* **Problem**
Working from the data below, write out exactly the lines from its first through the line that contains "Porta Condimento De", both ends included and pictures omitted.

(Stored data)
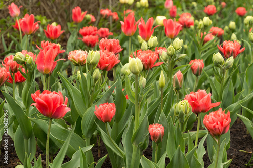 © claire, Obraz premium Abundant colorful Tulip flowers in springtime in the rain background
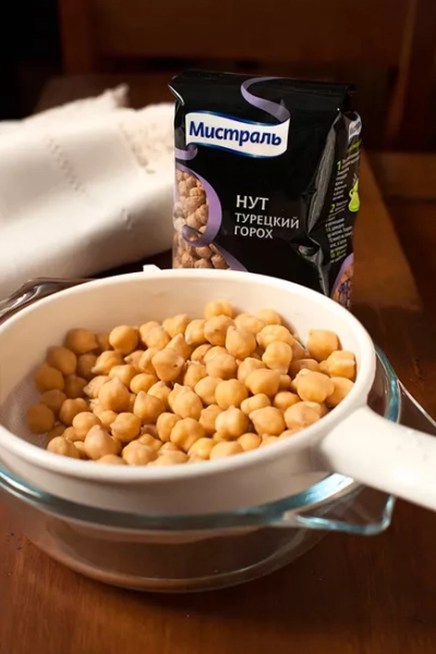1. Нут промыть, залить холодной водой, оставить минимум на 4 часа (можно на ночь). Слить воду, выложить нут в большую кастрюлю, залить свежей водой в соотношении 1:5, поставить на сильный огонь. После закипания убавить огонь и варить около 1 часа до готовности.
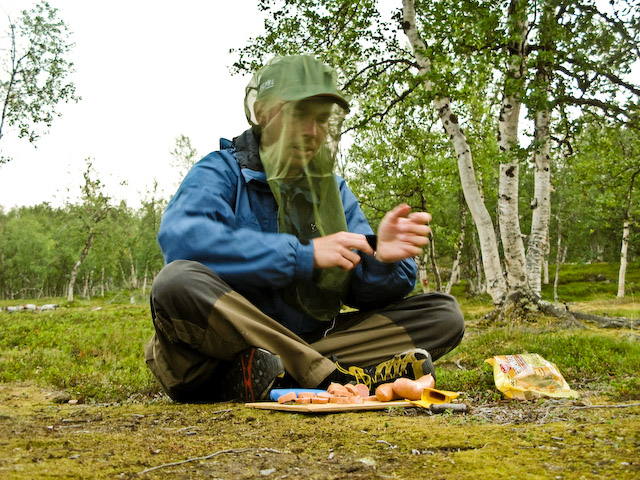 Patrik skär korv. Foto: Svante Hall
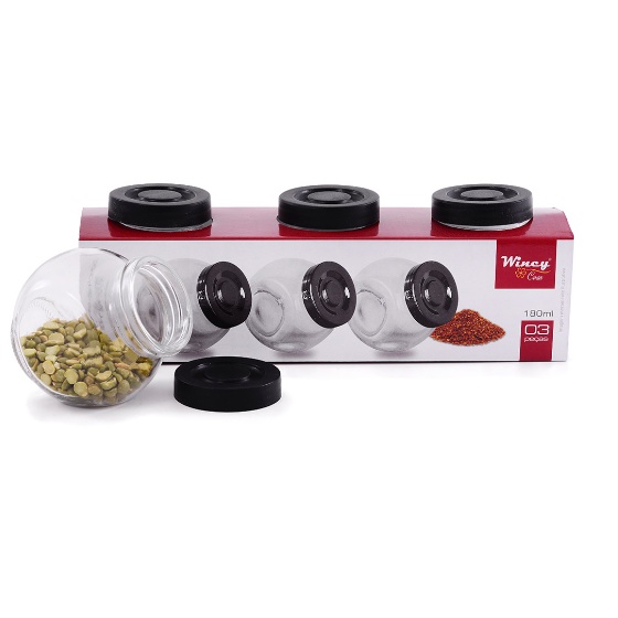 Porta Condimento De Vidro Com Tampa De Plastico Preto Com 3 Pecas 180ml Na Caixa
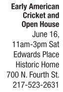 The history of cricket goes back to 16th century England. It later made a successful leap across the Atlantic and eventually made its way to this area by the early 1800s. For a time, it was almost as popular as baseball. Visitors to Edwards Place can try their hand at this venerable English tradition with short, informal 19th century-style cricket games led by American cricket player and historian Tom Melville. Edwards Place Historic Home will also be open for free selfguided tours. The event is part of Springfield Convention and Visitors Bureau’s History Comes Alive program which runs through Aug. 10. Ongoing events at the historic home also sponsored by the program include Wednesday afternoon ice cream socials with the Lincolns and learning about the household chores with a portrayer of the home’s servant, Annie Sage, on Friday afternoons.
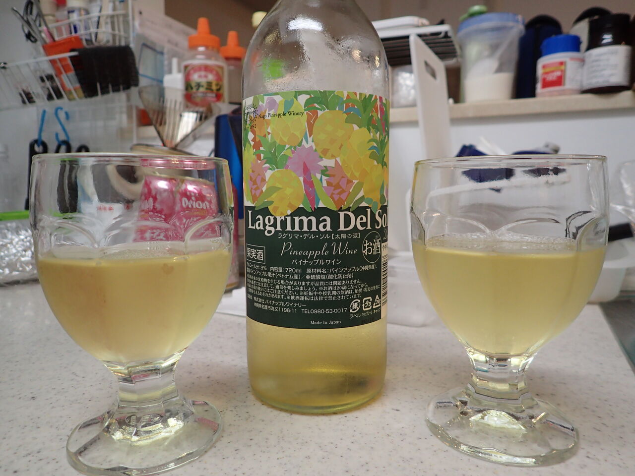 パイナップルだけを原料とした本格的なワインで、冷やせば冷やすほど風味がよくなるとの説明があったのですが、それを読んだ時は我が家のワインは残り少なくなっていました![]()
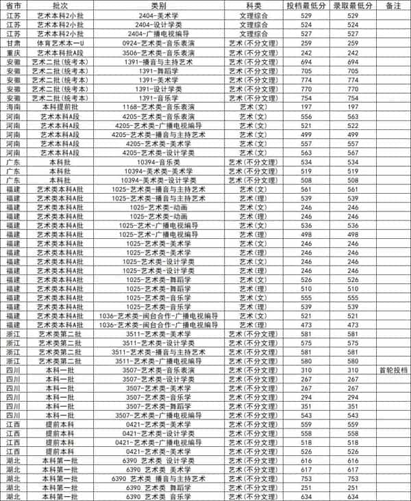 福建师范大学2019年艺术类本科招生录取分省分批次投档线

* **Task answer**
 © claire, Obraz premium Abundant colorful Tulip flowers in springtime in the rain background
1. Нут промыть, залить холодной водой, оставить минимум на 4 часа (можно на ночь). Слить воду, выложить нут в большую кастрюлю, залить свежей водой в соотношении 1:5, поставить на сильный огонь. После закипания убавить огонь и варить около 1 часа до готовности.
 Patrik skär korv. Foto: Svante Hall
 Porta Condimento De Vidro Com Tampa De Plastico Preto Com 3 Pecas 180ml Na Caixa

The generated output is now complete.